The use of wireless sensor networks has been expanding rapidly in recent years, fueled by the progress of the standardization of communication technologies for wireless sensor networks, such as IEEE802.15.4 and Zigbee. In the past, it was difficult to realize services for wireless sensor nodes that require interoperation with external networks. This was because the realization of such services involves stringent constraints with respect to the resources and communication functions of nodes such as memory size, CPU performance, and communication with sleep function. However, as device implementation technologies and network technologies for wireless sensor nodes see significant advancement, the development of technologies for enabling interoperation between a wireless sensor network and an external network is becoming increasingly active. For example, through efforts like IETF 6 lowpan, the development and standardization of enabling technologies for IPv6 networking functions over the MAC layer protocol of IEEE802.15.4 are being promoted.
These enabling technologies for IPv6 networking functions are disclosed in, for example, Patent Literatures 1 to 3 listed below:    Patent Literature 1: Japanese Patent Laying-Open No. 2005-204016    Patent Literature 2: Japanese Patent Laying-Open No. 2006-148241    Patent Literature 3: Japanese Patent Laying-Open No. 2006-238300
When promoting the realization of large-scale and practical ubiquitous services for homes and businesses, issues that must be addressed are: (i) reduction of administrative load involved in the operation of a wireless sensor network and (ii) enabling of outsourcing of various services. As efforts are made to solve these issues, increased importance would be given to functions to perform runtime configuration on wireless sensor nodes remotely from a service server and those to enable a wireless sensor node and a service server to communicate with each other.
These functions can be realized by incorporating IPv6 into a wireless sensor network, because, an IPv6ed wireless sensor node is able to communicate directly with a remote service server.
However, considering the case that a wireless sensor node can move freely among service domains and change the service server to communicate, it is generally difficult for the node to previously have the addresses or other information of service servers that is necessary to connect to them. In order for the service server to perform runtime configuration on a wireless sensor node, the wireless sensor node is required to perform several processes after completing the connection process to connect to a wireless sensor network at the MAC layer and therebelow. These include the processes of: configuring settings for connection, such as determining an IP address with which to utilize the IPv6 networking functions; acquiring the service server's connection information and connecting to the service server; and acquiring configuration information from the service server and reflecting the acquired configuration information.

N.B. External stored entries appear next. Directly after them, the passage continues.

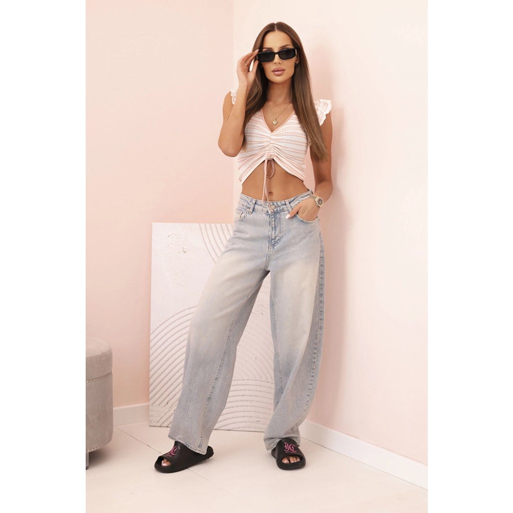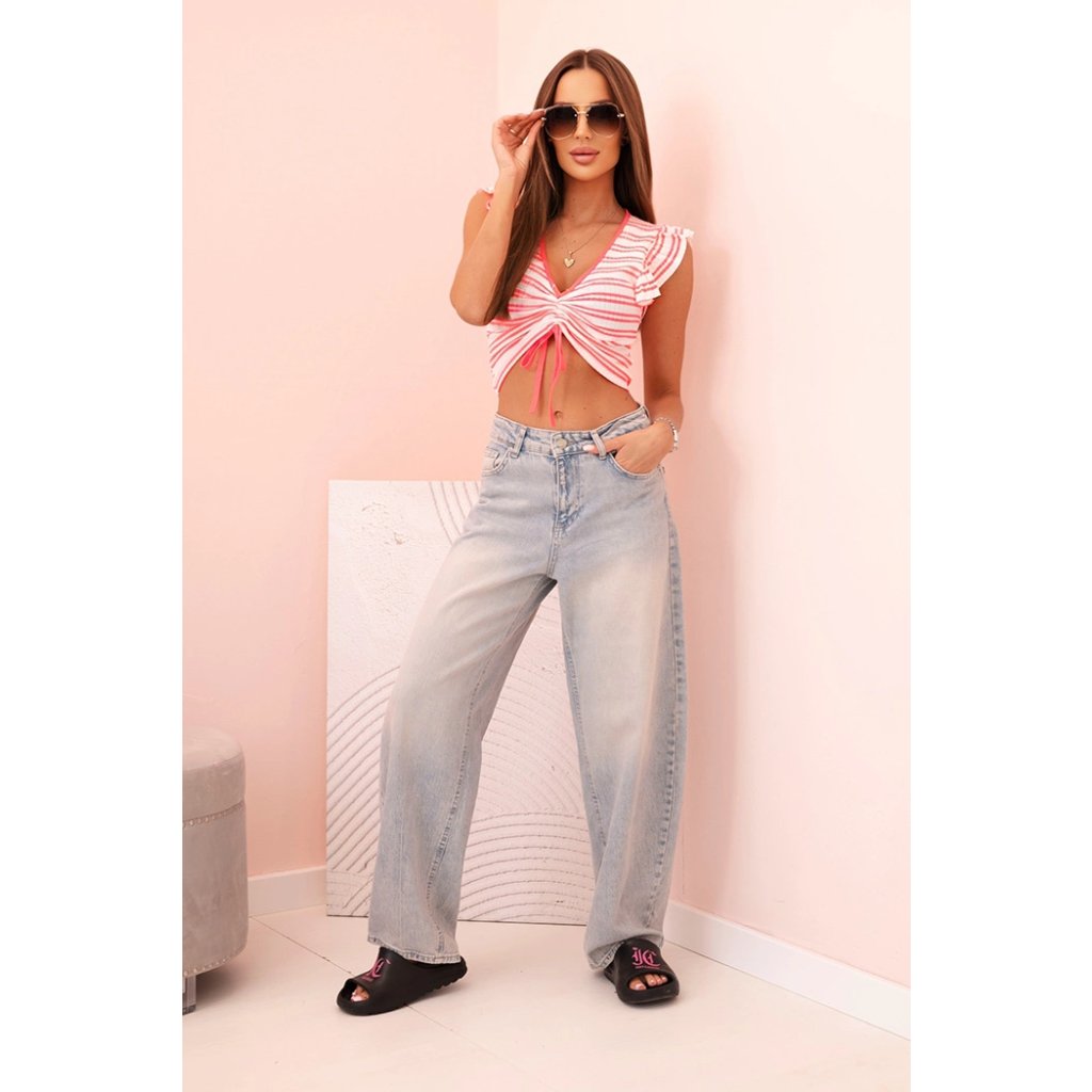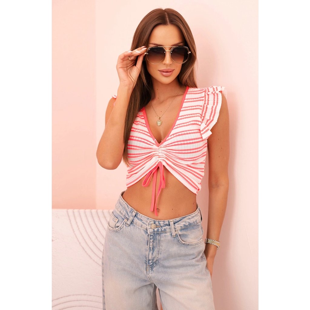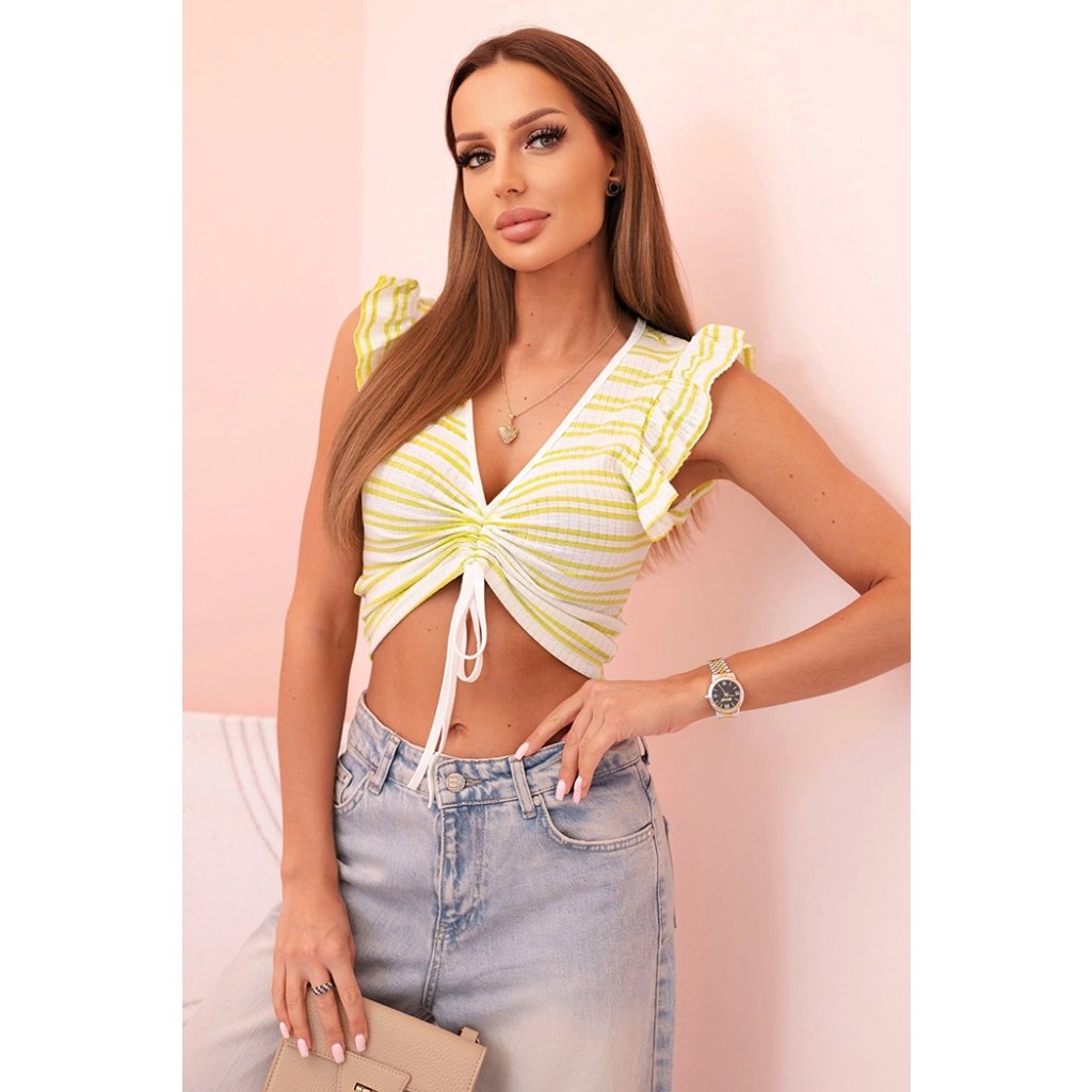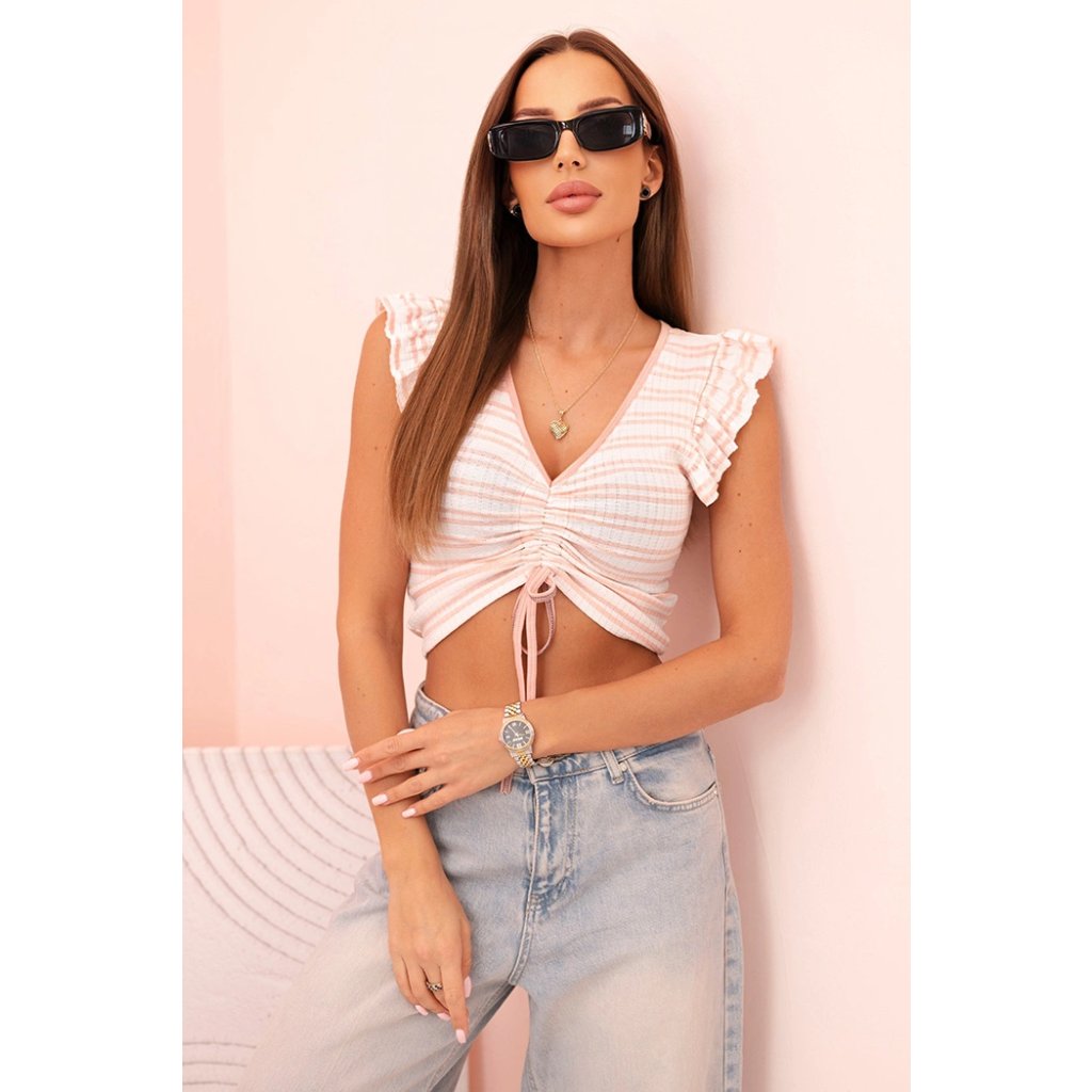 Roztomilá dámská blůzka z žebrované tkaniny je skvělou volbou na teplejší dny. Model s krátkým rukávem zakončeným ozdobnou volánkovou lemovkou a výstřihem do V podtrhuje ženskou siluetu a dodává dívčí kouzlo. Charakteristické nařasení vpředu s vázáním umožňuje jemně regulovat délku, přizpůsobující střih vaší postavě.
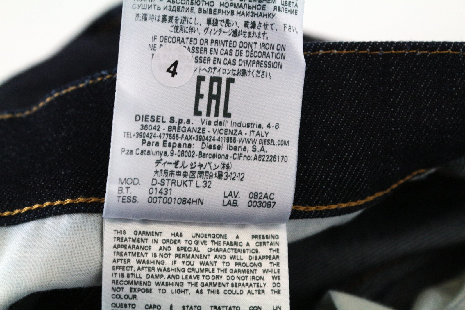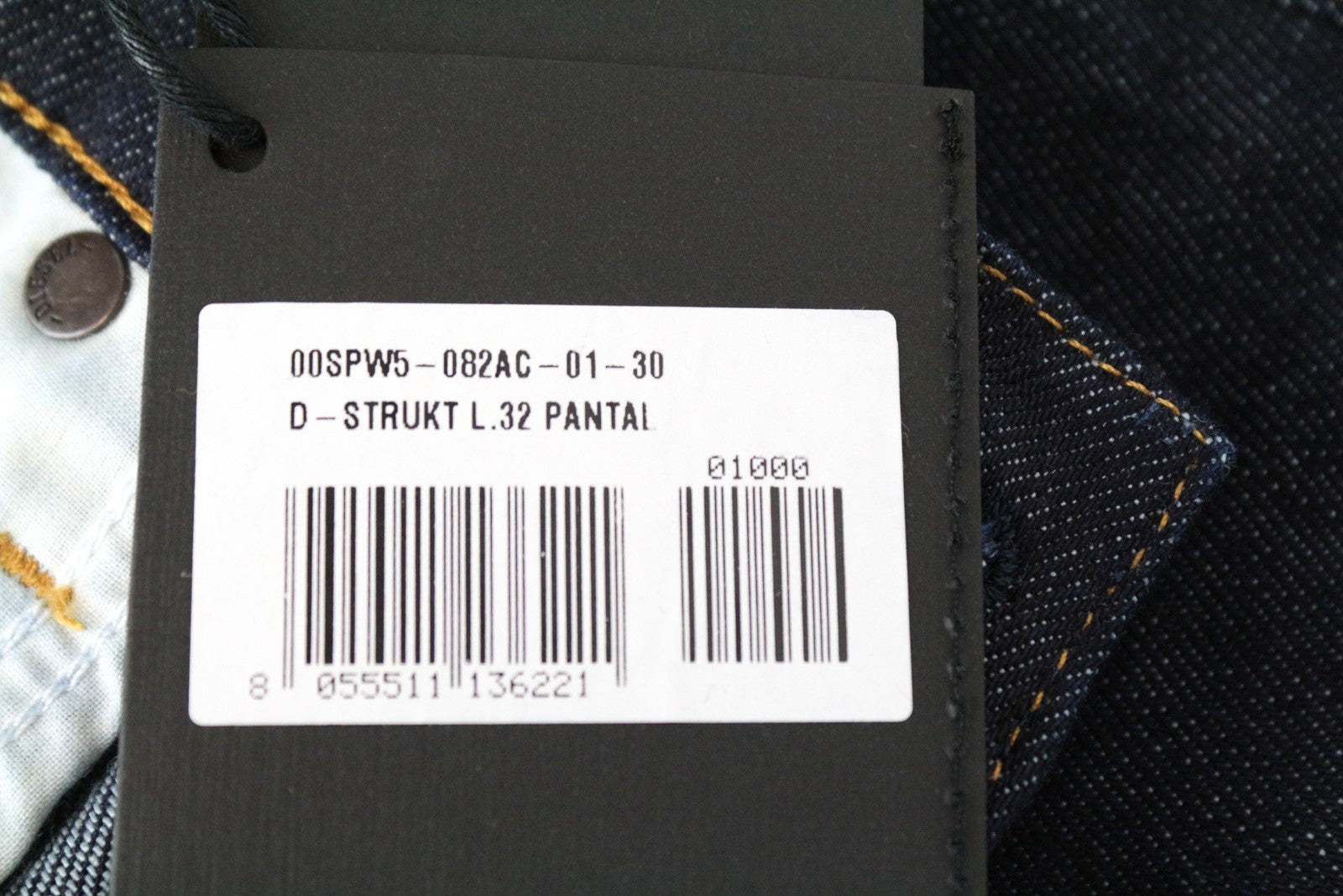 DIESEL D-Strukt 082AC W30/L32 vyriški siaurėjantys džinsai tamsiai mėlyni, tamprūs medvilniniai džinsai
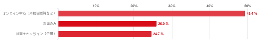「オンライン中心(※初回以降など)」と回答した人が49.4%で最も多く、回答者の約5割がオンライン中心で診察を受けていることがわかった。また、「対面のみ」と回答した人が26.0%、「対面+オンライン(併用)」との回答が24.7%だった。
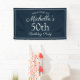 Navy blue and white 50th birthday party banner for a woman's celebration. Text is an elegant calligraphy script font. Contact us for help with customisation or to request matching products.
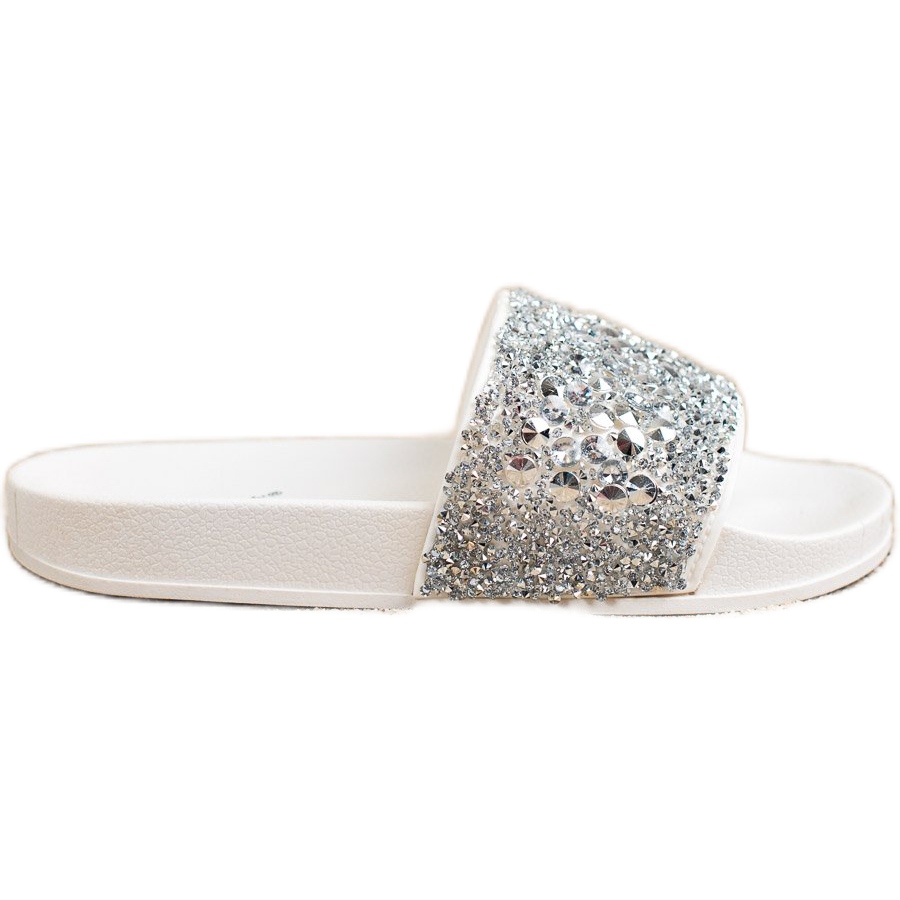 SHELOVET Flip-flops with decorations white silver – Comfort and Elegance in Every Step
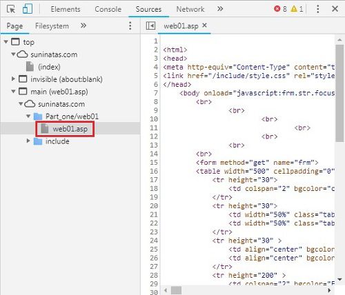 해당페이지의 소스를 보면 asp 파일이라는 것을 알수 있습니다.
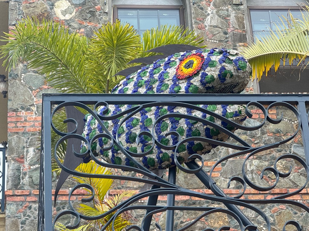 It was now time to return the snorkeling gear in Cruz Bay. As we wandered the dive shop area, we encountered a peacock with its iridescent blue coloring of the upper body and many shades of green in the long tail feathers. Right above it was a playful “Mosaic Fish” with tiles shimmering in similar shades of deep blue and emerald green… all part of the charm of St. John..
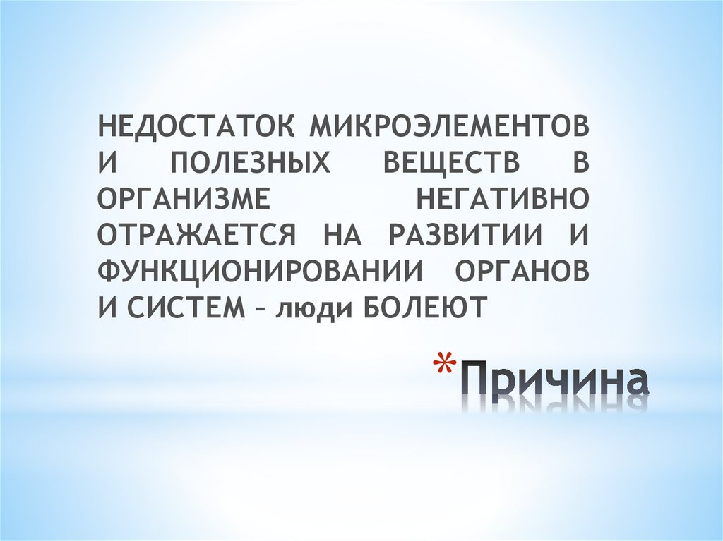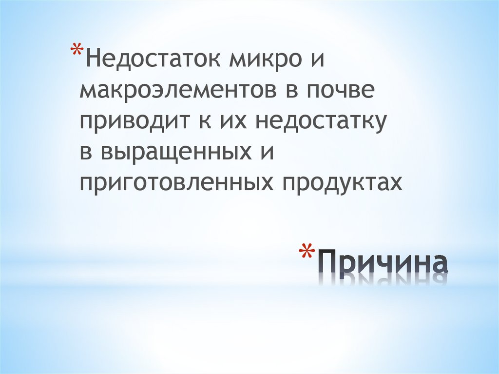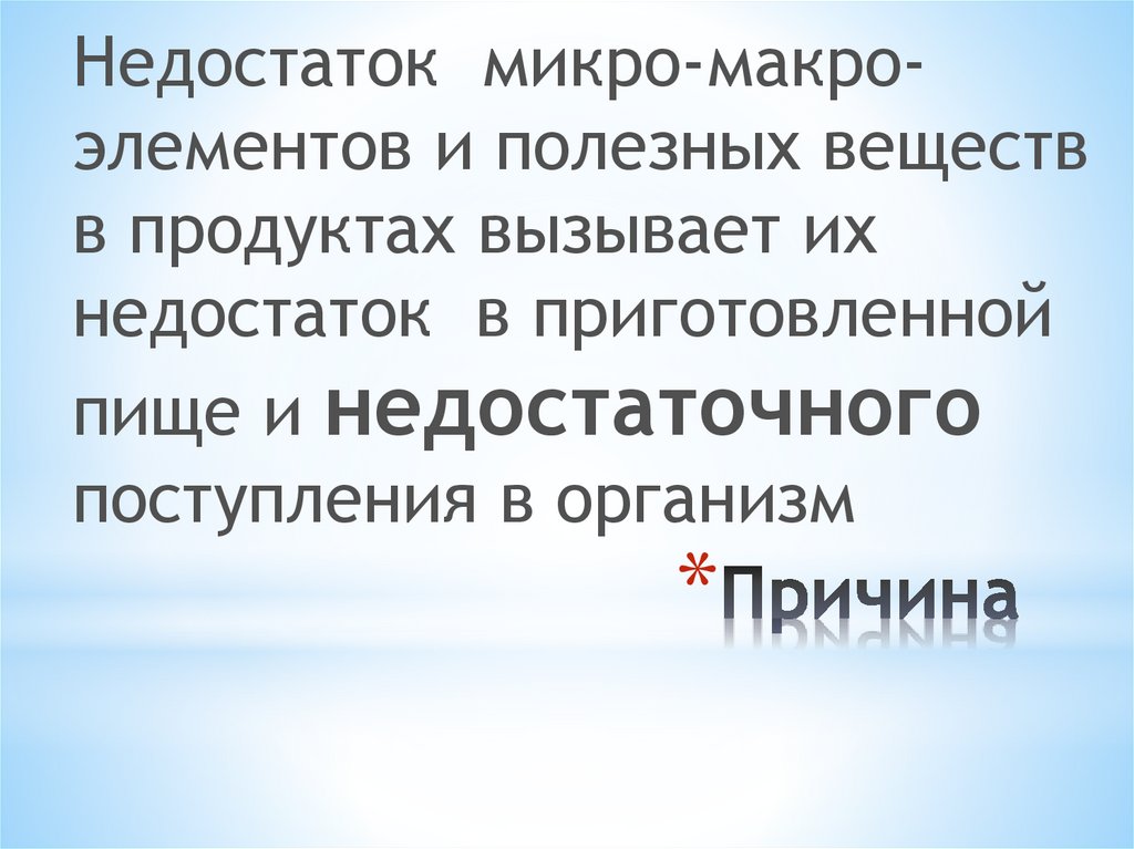 Недостаток микро-макроэлементов и полезных веществв продуктах вызывает их
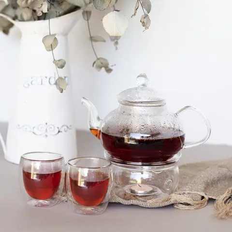 Our glass teapot & strainer, burner and 2 double-wall cups are the perfect way to complete your tea experience. An ideal gift!
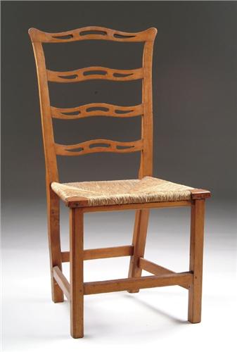 COUNTRY ANTIQUE CHIPPENDALE RIBBON-BACK SIDE CHAIR. Four horizontal pierced slats, rush seat, square legs with molded corners. SIZE: 38in. h x 17-1/2in. seat h. CONDITION: Refinished, very good. 9-26049

These processes, if performed directly by individual wireless sensor nodes separately, will lead to an increase in the number of wireless communications performed by each wireless sensor node and its operation time. Such increase will hinder the efforts being made to reduce power consumption by a wireless sensor node by way of reducing the operation time and the number of wireless communications. It is, therefore, necessary to realize an efficient processing scheme for such processes.
An object of the present invention is to provide an autoconfiguration system for a wireless sensor network and its method and a gateway apparatus for a wireless sensor network, which enable connection between a wireless sensor node and a service server while reducing load on the wireless sensor node.